Alberta is launching the new Oil Sands Mine Water Steering Committee to speed up the reclamation of oil sands tailings ponds. The expert committee will study potential policies and measures for and suggest options that would best allow for reclamation to occur as quickly and safely as possible. Alberta’s government will use the committee’s work to create an accelerated plan to reclaim the water in oil sands tailing ponds and eventually return the land for use by future generations.

“Managing oil sands mine water and reclaiming tailings ponds is a complex issue that requires collaboration. This committee will look at all the feasible options for addressing oil sands mine water and tailings ponds and suggest ways to safely reclaim the land and ensure our waterways remain clean for future generations.”

Rebecca Schulz, Minister of Environment and Protected Areas

Tailings ponds are a complex issue that likely cannot be addressed through just one solution. Significant technical research and analysis has been conducted by industry, as well as the province’s Oil Sands Mine Water Science Team. There have also been past discussions with local Indigenous communities on this issue, and the Crown-Indigenous Working Group for the Potential Oil Sands Mining Effluent Regulations has issued several reports examining different options. However, no clear consensus has been identified and research is still emerging. The steering committee is expected to evaluate a wide range of options for addressing oil sands mine water and reclaiming tailings ponds in an accelerated timeframe.

To do this, the steering committee will review all relevant research and engage with communities, industry and governments to ensure that many perspectives and potential solutions are considered. More information will be shared in the coming months on how the public can submit technical information. All viable solutions to this challenging issue will be considered.

“This is an important step forward to responsibly address oil sands mine water and reclaim tailings ponds more swiftly and effectively.”

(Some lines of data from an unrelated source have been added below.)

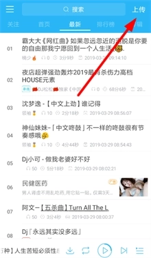 1、现在进入“dj音乐库”的主页后,大家要先点击右上角的上传按钮(如下所示),此时软件就会自动扫描手机本地存储的音频文件。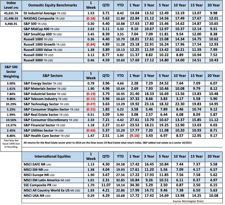US equities were mostly higher this week, as the S&P 500 edged out a slight gain to finish higher for a third-straight week, but the tech-heavy Nasdaq was lower for the first time in three weeks. Small caps also rallied again, outpacing the S&P 500 by over 3% and posting its best week since early July and the Dow hit a new all-time high Friday afternoon. This week’s S&P Global flash PMIs were stronger than expected, with manufacturing the highest in more than three years, while services ticked lower but came in better than expected. The report also noted hiring rose at the fastest pace in over three years. Some fears around debt and deficits were ameliorated by S&P reaffirming its US credit rating, noting tariff revenue is offsetting some of the deficit impact from OBBA, while CBO estimated tariffs could cut US deficits by $4T over the next decade, offsetting the $4.1T impact from the OBBA .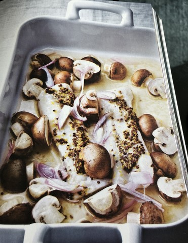 - Salez et poivrez les filets de poisson, les enduire de moutarde sur le dessus. Les étaler sur la garniture aux champignons. Enfournez 15 mn, remuer et arroser avec un peu d'eau à mi-cuisson.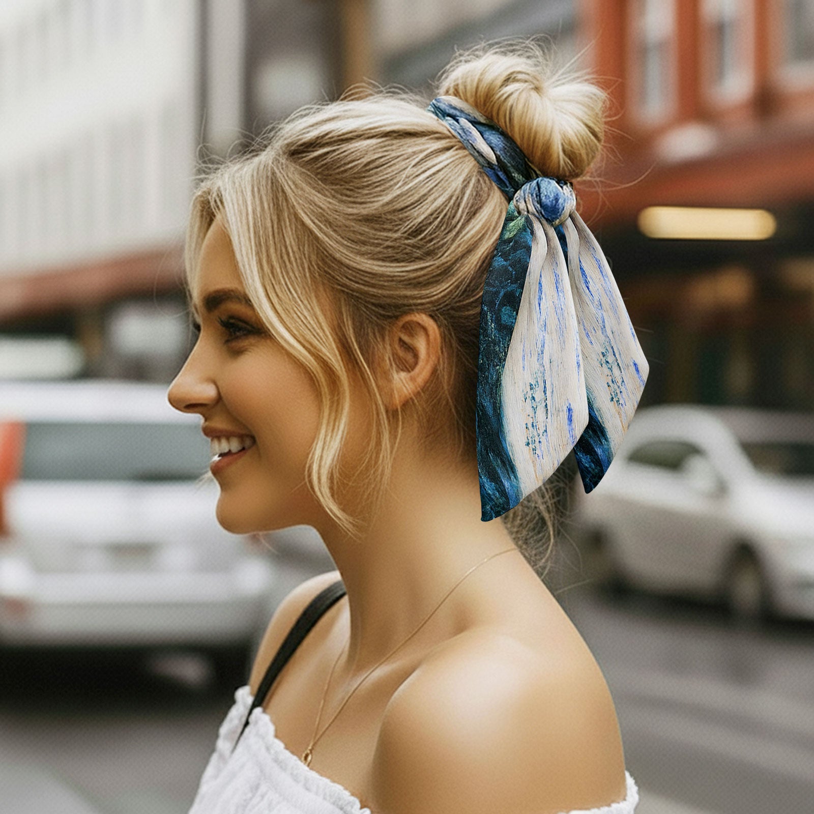 On aime leur côté léger, presque aérien, et la façon dont les rubans bougent au rythme des cheveux. Chaque imprimé raconte une ambiance : un jardin botanique, une toile peinte, une balade en bord de mer... Il y a toujours un modèle qui reflète une humeur, un moment ou une saison.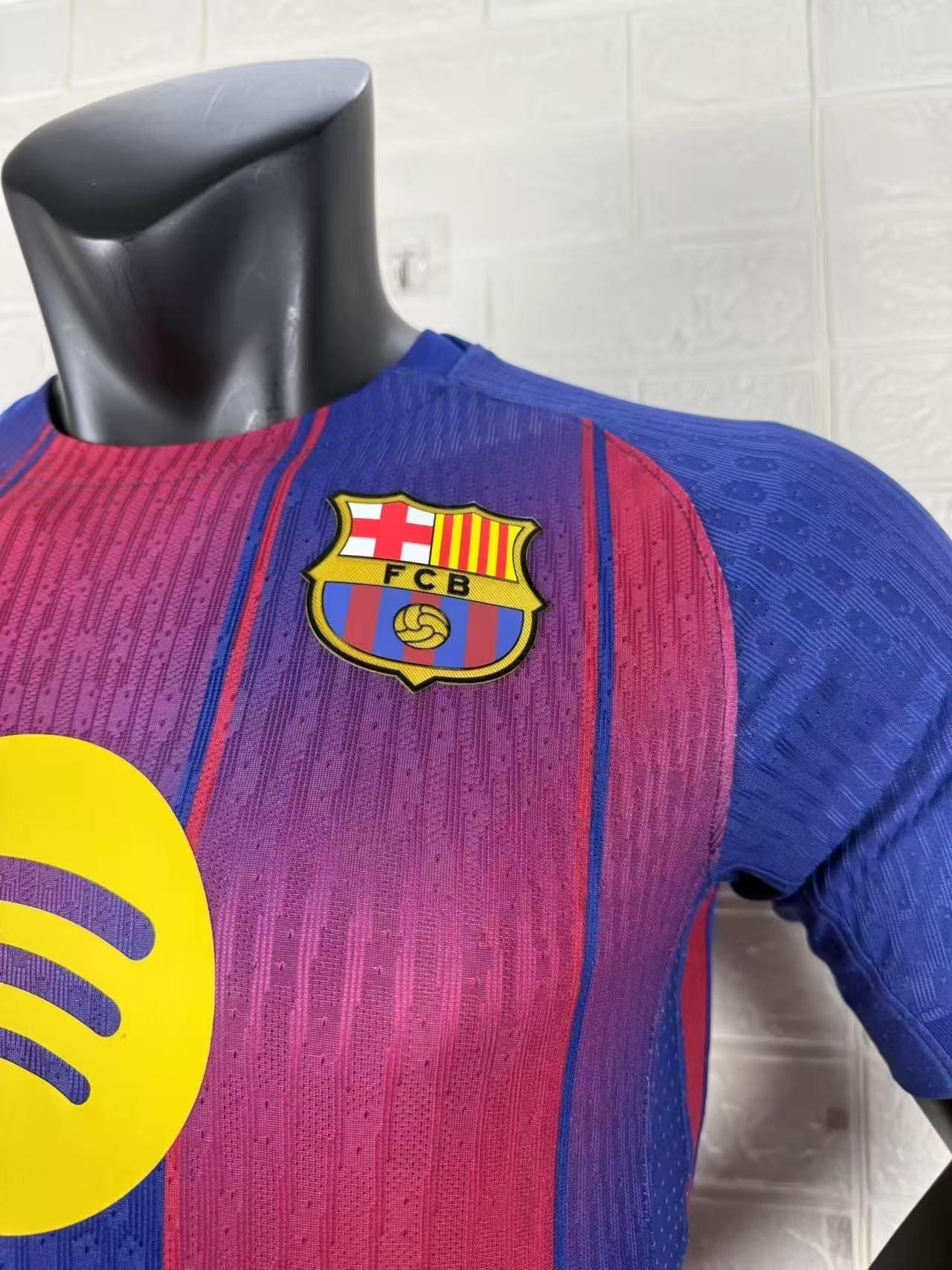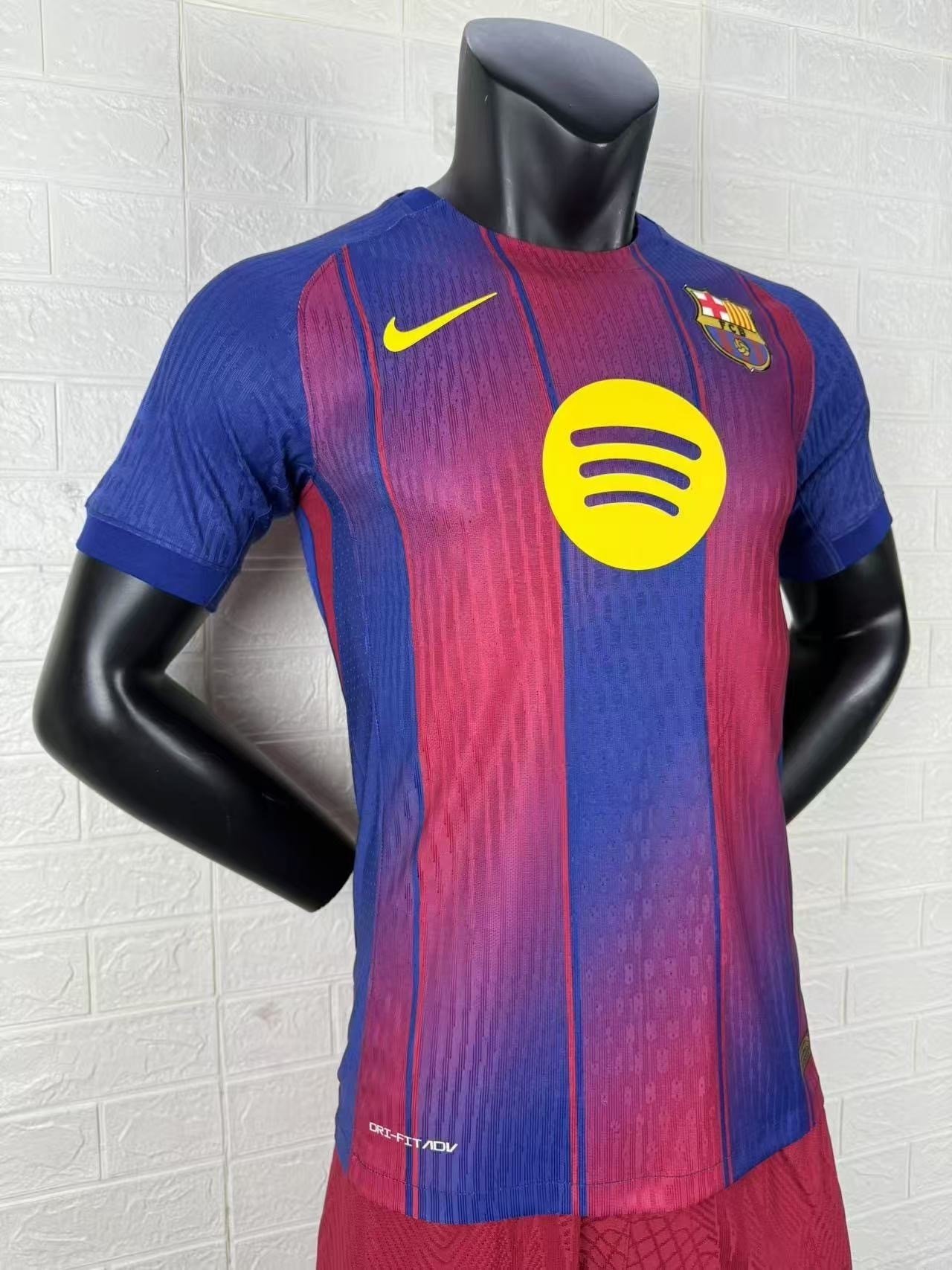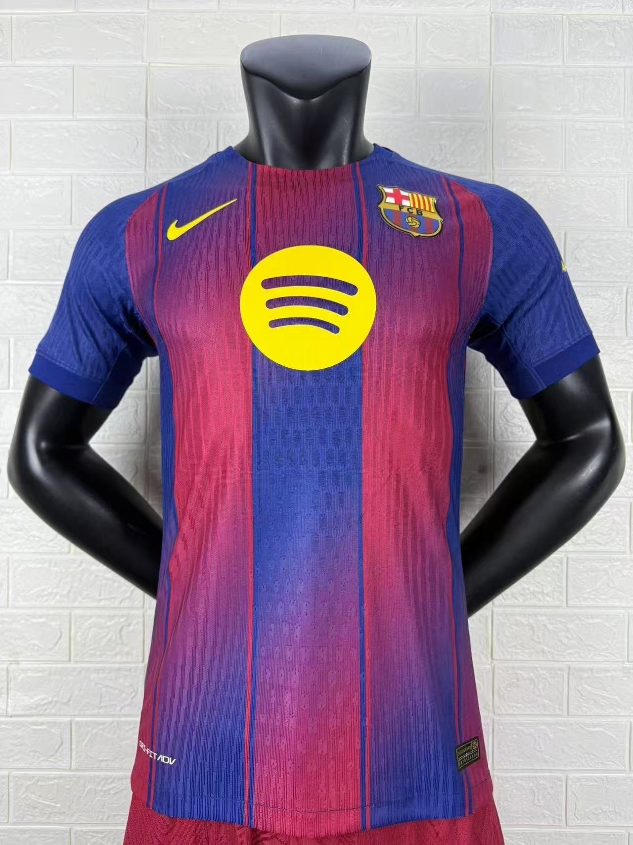 All logos on the jersey — including the Nike Swoosh, Spotify sponsor, and FC Barcelona crest — are presented in a bright yellow finish, offering a sharp contrast that stands out proudly against the dark base. 🌟

Tany Yao, MLA for Fort McMurray-Wood Buffalo

The province is looking forward to the committee’s advice to help develop an accelerated plan for addressing tailings ponds while protecting the health of local and downstream communities and the environment.

Members of the committee

The Oil Sands Mine Water Steering Committee will include:

  • Chief Jim Boucher, AOE, President, Saa Dene Group of Companies, former chief of Fort McKay First Nation.
  • Mohamed Gamal El-Din, PhD, engineering research chair and director of the Water Research Centre at the University of Alberta
  • Andrea Larson, researcher and retired Alberta Energy Regulator employee with experience in oil sands mining
  • Alan Reid, retired oil and gas executive with experience with the Pathways Alliance, Cenovus Energy and others
  • Lorne Taylor, PhD, former chair of Alberta Water Research Institute, former chair of the Alberta Environmental Monitoring Evaluation and Reporting Agency, and former provincial minister of Science, Research and Information Technology; Innovation and Science; and Environment.
  • Tany Yao, MLA for Fort McMurray-Wood Buffalo

Quick facts

  • All mines produce tailings. In oil sands mining operations, tailings are a mixture of water, sand, clay and residual bitumen and are the byproduct of the extraction process used to separate the oil from sand and clay.
  • The Oil Sands Mine Water Steering Committee will be supported by an independent facilitator external to the Government of Alberta.
  • The committee will determine which options are feasible based on available technology, alignment with existing policies, environmental and community impacts, economics, infrastructure needs and liability implications.
  • Alberta’s government expects that the committee will suggest multiple opportunities to address oil sands mine water based on their analysis of existing research and what they hear from industry, Indigenous communities, governments and others.
  • Oil sands mine operations in Alberta have reduced the amount of fresh water used per barrel by 23 per cent since 2017. All operators came in below their approved volume limits in 2022.